The state filing fee to form an LLC in Nevada is $425. This includes the Articles of Organization, Initial List of Members / Officers, and the State of Nevada LLC Business License.
How long does it take to form a Nevada LLC?
Filing the Articles of Organization with the Nevada Secretary of State is immediate, while filing by mail normally takes 1-2 weeks.
Does Nevada require an LLC to have an operating agreement?
Nevada Revised Statute NRS 86.286 states that a Nevada LLC operating agreement is optional. Although it isn’t required, it is recommended that most LLCs have one, as it can help prevent disputes among members and better protect the LLC’s legal status.

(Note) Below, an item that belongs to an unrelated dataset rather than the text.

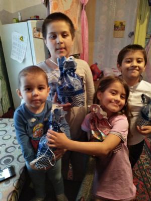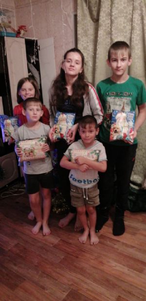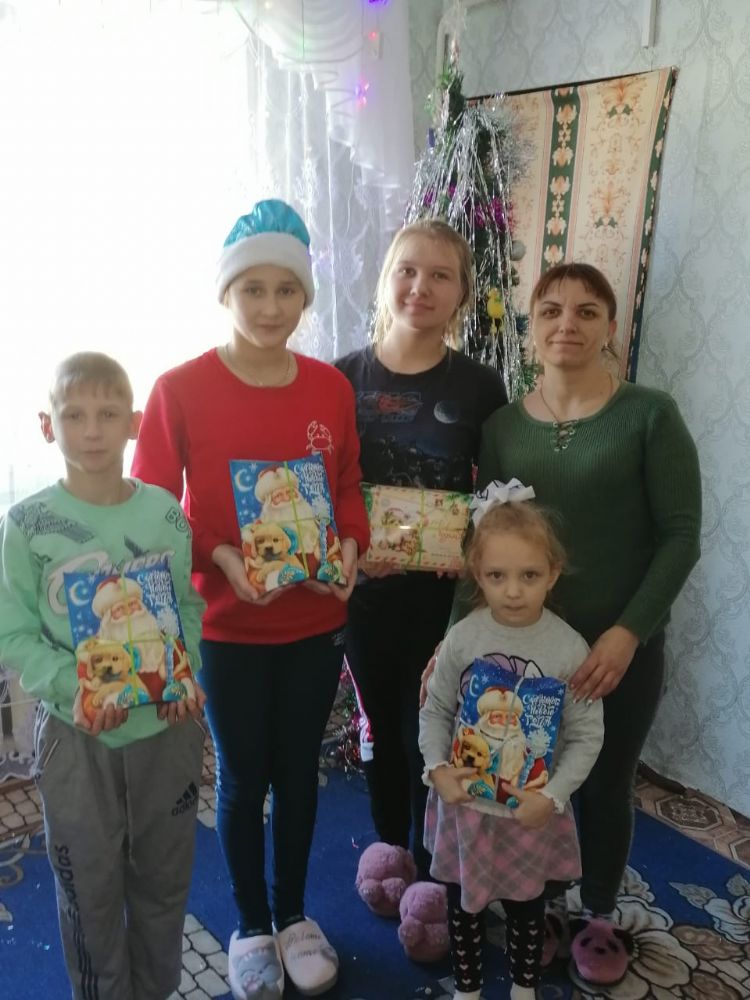 Индивидуальные сладкие подарки получили детки из сел Октябрьского района. Это детки из многодетных, малообеспеченных не полных семей, семьи, воспитывающие ребёнка с особенностями развития, находящихся на патронаже Центра «Колыбелька» с. Покровка.

Do Nevada LLCs need an EIN?
Only Nevada LLCs that either have more than one member, will hire employees, or elect to be taxed as a partnership or corporation are required to get an Employer Identification Number (EIN).

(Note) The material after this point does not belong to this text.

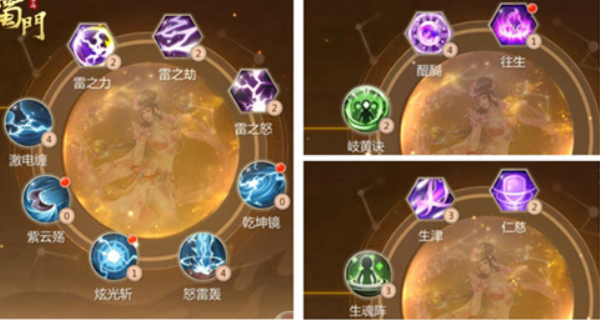 【主法宝月轮】优先加雷之力、雷之劫、雷之怒,这三个被动可以增加百花雷系的所有输出,其次点激电缠、怒雷轰两个控制技能,最后再点其他输出技能,输出技能推荐优先点没有CD的普通攻击技能。

The EIN or Employer Identification Number (also called a Federal Employer Identification Number or FEIN) is a unique 9-digit tax identification number that is assigned by the Internal Revenue Service (IRS).
If the LLC isn’t required to get an EIN (though you can still get one), the LLC will use the social security number of the business owner.
Related: How to apply for an EIN
What business licenses are needed in Nevada?
The requirements for business licenses and registrations in Nevada vary depending on what the business does and where it’s located.